The development and collapse of the air-sea interface as a defined two-phase boundary of evolving surface waves entrains air and other gases and results in bubbles and bubble plumes, typically injected as jet intrusions or by crushing of the crest air cavity. These bubbles possess an initial downward momentum and a subsequent buoyant rise velocity, and have been reported to alter the turbulent kinetic energy (TKE) spectrum, as well as the energy balance between turbulence and dissipation as a function of depth. In July 2018, an extensive series of 35 air-sea gas transfer experiments using noble gases in natural seawater was conducted at the University of Miami’s SUrge STructure Atmosphere InteractioN (SUSTAIN) wind-wave tank laboratory; an imaging system and 3D acoustic Doppler current profiler captured the bubble populations of 30-1500 microns and sub-surface velocity measurements in a variety of wind and wave conditions. Wind conditions ranged from U10 of 10.6 – 50 ms-1, and both monochromatic and spectral mechanically generated waves were produced for at least one of three water temperatures between 20 and 32°C. Individual wave crests observed by conductive wave wires were analyzed using a breaking onset likelihood technique based on the crest steepness, skewness, and asymmetry.
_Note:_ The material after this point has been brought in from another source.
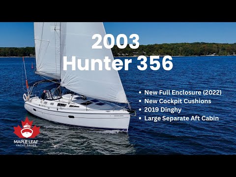 NEW FULL ENCLOSURE, COCKPIT CUSHIONS, LARGE AFT CABIN, GARMIN CHART PLOTTER, 2019 DINGY, SHOAL DRAFT, READY TO CRUISE. This 2003 Hunter 356 is a 35′6″ cruising sailboat with a 12′ beam and 5' draft. It also features Hunters proven fractional “B&R” style rig for easier sail handling. Below deck you’ll find comfortable accommodations for family or guests: with two private cabins, a convertible salon berth, full galley, and decent tankage for extended weekends or cruising. On deck, the layout emphasizes ease: all control lines led aft, a spacious cockpit, and a walk‑through transom with swim platform make it a friendly boat for cruising, sailing, and just relaxing at anchor or at the dock. In short: The Hunter 356 offers a strong blend of comfort, ease of handling, and cruising capability.

Preliminary results show that bubble populations become more widely distributed in the observed radii at higher wind speeds and the peak radius shifts from 150-250 micron bubbles to smaller (40-50 micron) bubbles in monochromatic waves. Conversely, an opposite trend is seen for the spectrum waves. Due to steepness-related instability of the wave crests, breaking is found to be most likely for the 20-degree Celsius monochromatic waves, and kinetic energy profiles are largest in magnitude beneath these conditions. TKE spectra show the expected frequency peak associated with the different wave conditions, however, the slope changes at small scales suggest differences in breaking and non-breaking conditions. Hence, through analysis of the bubble populations, turbulence, and dissipation rates at different significant-wave-height-scaled depths, our data provides insight into how sub-surface energy, dissipation rate, and Reynolds stress are altered by bubbles in different wind-wave conditions and at different water temperatures.